Here is an example of the JSON output you might get from parsing a resume:

{
  "first_name": ["John"],
  "last_name": ["Doe"],
  "email": ["johndoe@example.com"],
  "phone": ["+1 234 567 890"],
  "country": ["USA"],
  "state": ["California"],
  "city": ["San Francisco"],
  "pincode": ["94107"],
  "college_name": ["University of Example"],
  "education": ["BSc Computer Science"],
  "designation": ["Software Engineer"],
  "position_held": ["Lead Developer"],
  "companies_worked": ["Tech Company Inc."],
  "projects_worked": ["Project A", "Project B"],
  "skills": ["Python", "Machine Learning", "Data Analysis"],
  "total_experience": ["5 years"],
  "language": ["English"],
  "linkedin": ["https://linkedin.com/in/johndoe"],
  "github": ["https://github.com/johndoe"]
}

Requirements

Python version required: 3.10 or higher.

The following packages are required to use PyResumeParser (required packages are automatically installed during the installation of the package pyresumeparser):

  • spacy==3.7.4
  • pdfminer.six==20231228
  • spacy-transformers==1.3.5
  • tqdm==4.66.4

You can install these packages manually using pip:

pip install -r requirements.txt

Contributing

Contributions are welcome! Please feel free to submit a Pull Request or open an issue on GitHub.

License

This project is licensed under the MIT License.

Author

Developed by Palash Khan.
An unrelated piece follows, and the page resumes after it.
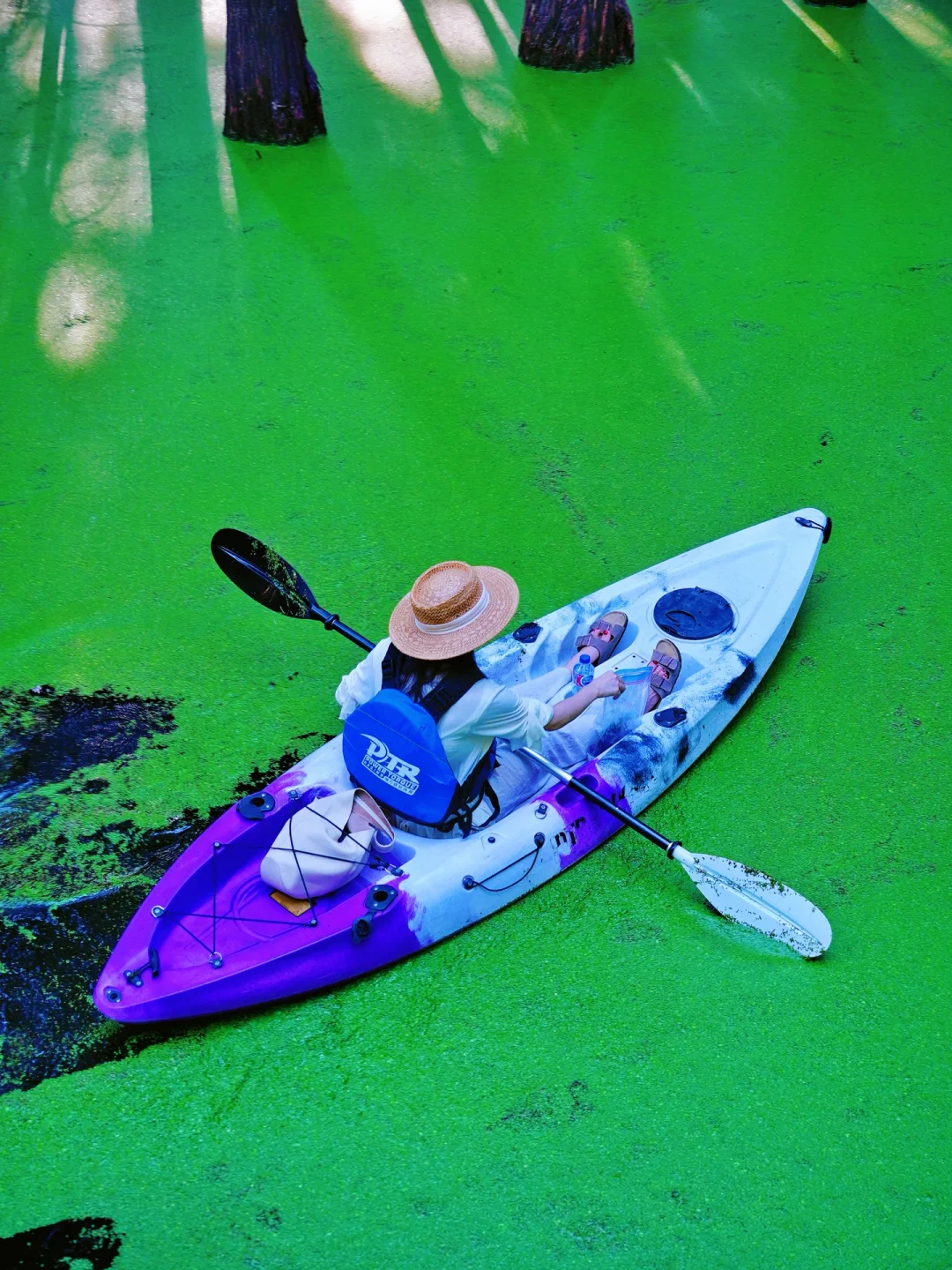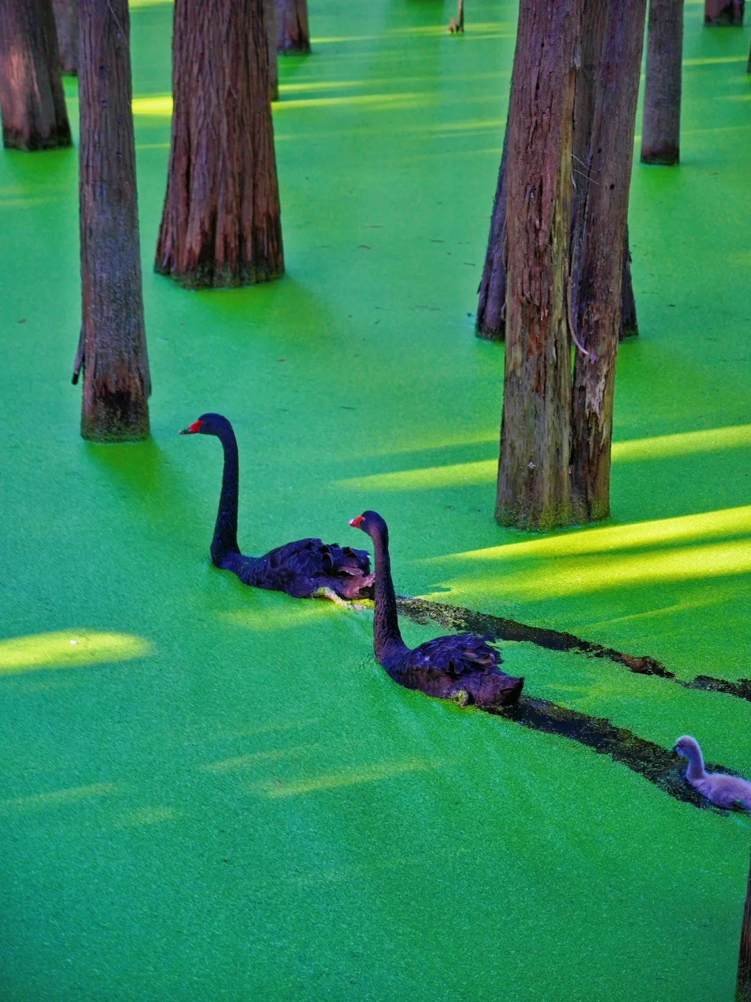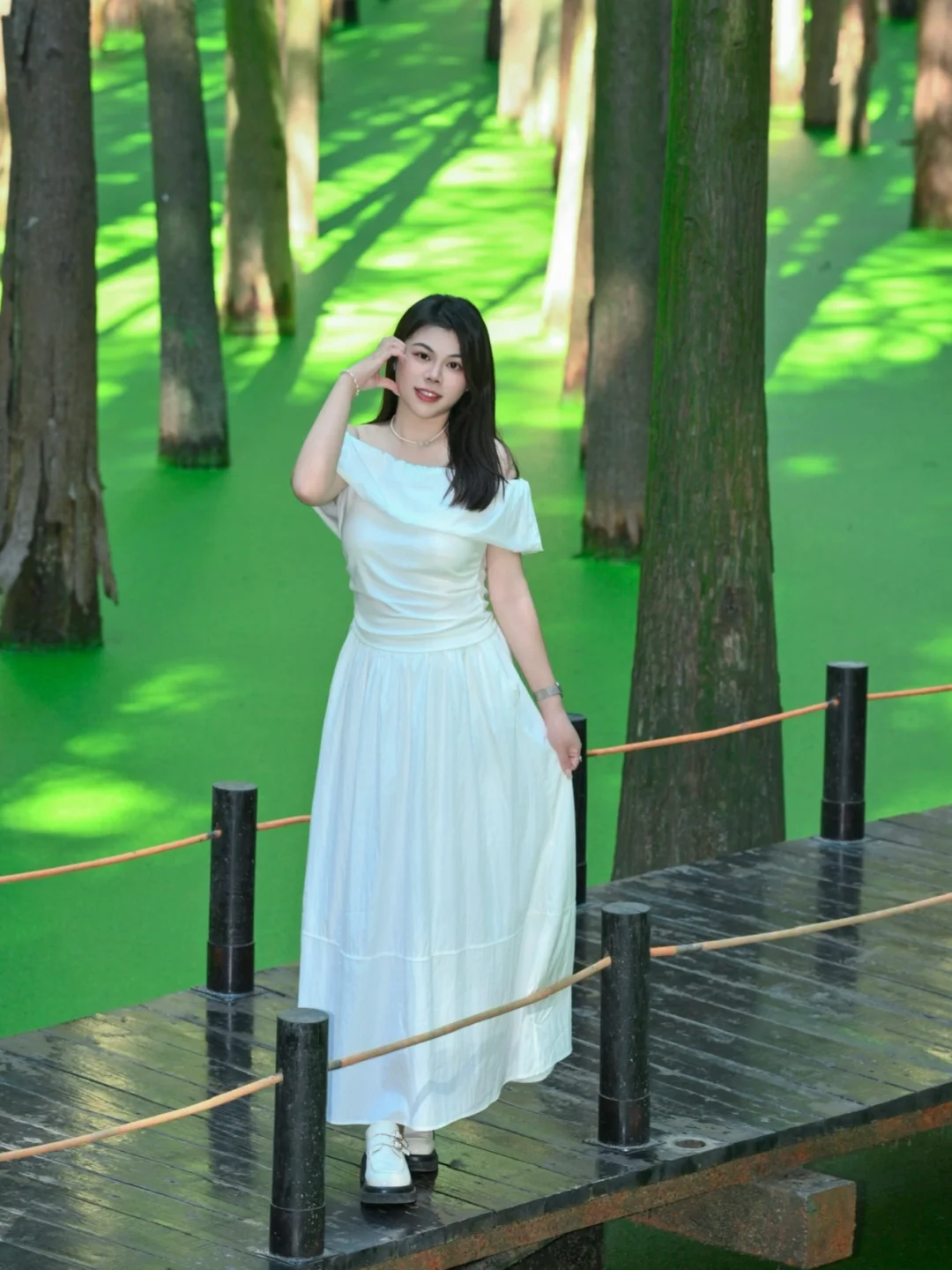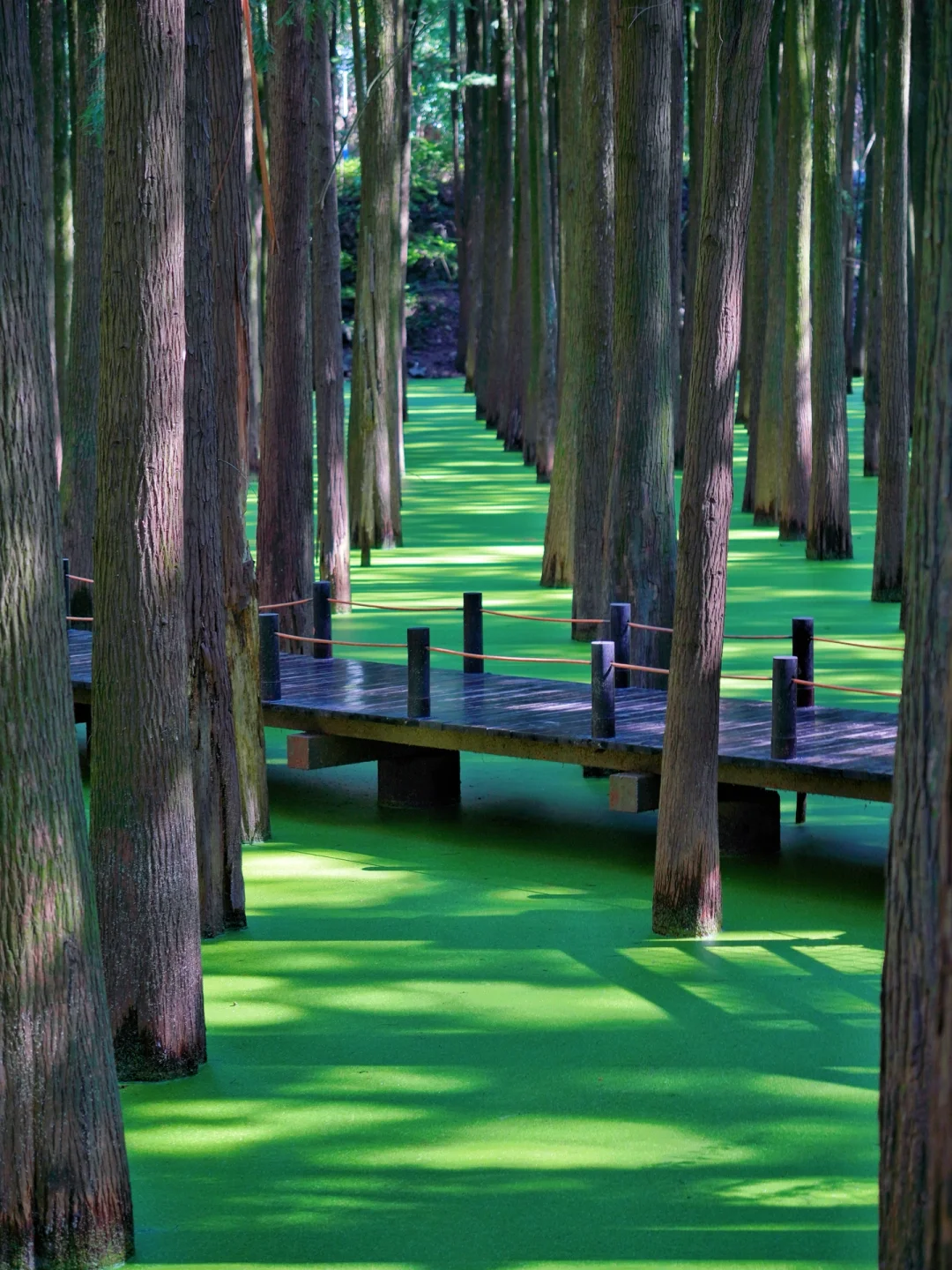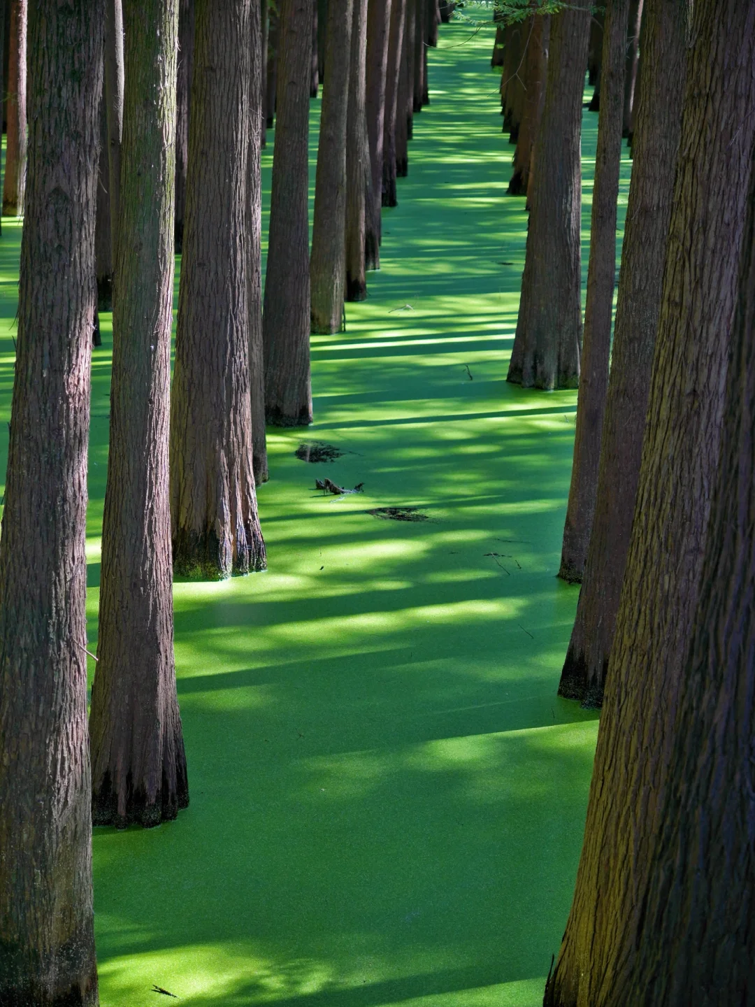 杭州青山湖水上森林,简直美到失语!🍃 抹茶绿的水面像是大自然打翻的颜料盘🎨 漫步森林,大口吸氧,吸收满满的绿色能量🔋 🌳青山湖水上森林游玩攻略快码住: 🎫门票:40r/人(1.2m以下儿童免费) 杭州文旅卡💰29.9r/人,需提前两小时购买 (限杭州本地或社保缴纳在杭州的) 🈺开放时间:8:00-17:00(16:30停止入园) 🚇交通:16号线【青山湖站】D口 🚌地铁口有1元景区接驳车,如果没有,步行至水上森林入口10分钟左右 📍自驾:🧭导航“青山湖水上森林停车场”(青山湖D口旁),💰5r/h 🚣景区皮划艇:单人💰120r/h,双人💰220r/h 👗穿搭建议:穿黑色或白色等纯色系,露肤度较高的衣服,可以搭配帽子、墨镜、首饰等,拍照更出片。 📷网红机位在景区东区“亲水平台”,有水边栈道可以坐着或站着拍照,很出片!⚠️那边有很多摄影师,可现场约拍,大多20元/张,包修。 ⚠️Tips: 1、尽量工作日10点前或者周末9点前入园,错开高 峰; 2、拍照建议早上或下午2点后去,光线柔和更出片; 3、森林水域蚊虫较多,做好驱蚊防蚊; 4、水边拍照和玩皮划艇要注意安全; 5、景区有黑天鹅🦢、野鸭子🦆、小鹿🦌,随缘碰到; 6、景区物价不算贵且统一,农夫山泉4元/瓶。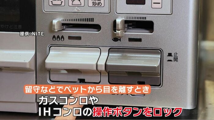NITEは、留守の時など、飼い主がペットから目を離す際、ガスコンロやIHコンロの、操作ボタンをロックすることや、使用しない電化製品はプラグを抜くなど、対策を呼びかけています。

Feel free to reach out with any questions or feedback.

Happy parsing!

Project details


Download files

Download the file for your platform. If you're not sure which to choose, learn more about installing packages.

Source Distribution

pyresumeparser-0.0.9.tar.gz (4.1 kB view details)

Uploaded Source

Built Distribution

If you're not sure about the file name format, learn more about wheel file names.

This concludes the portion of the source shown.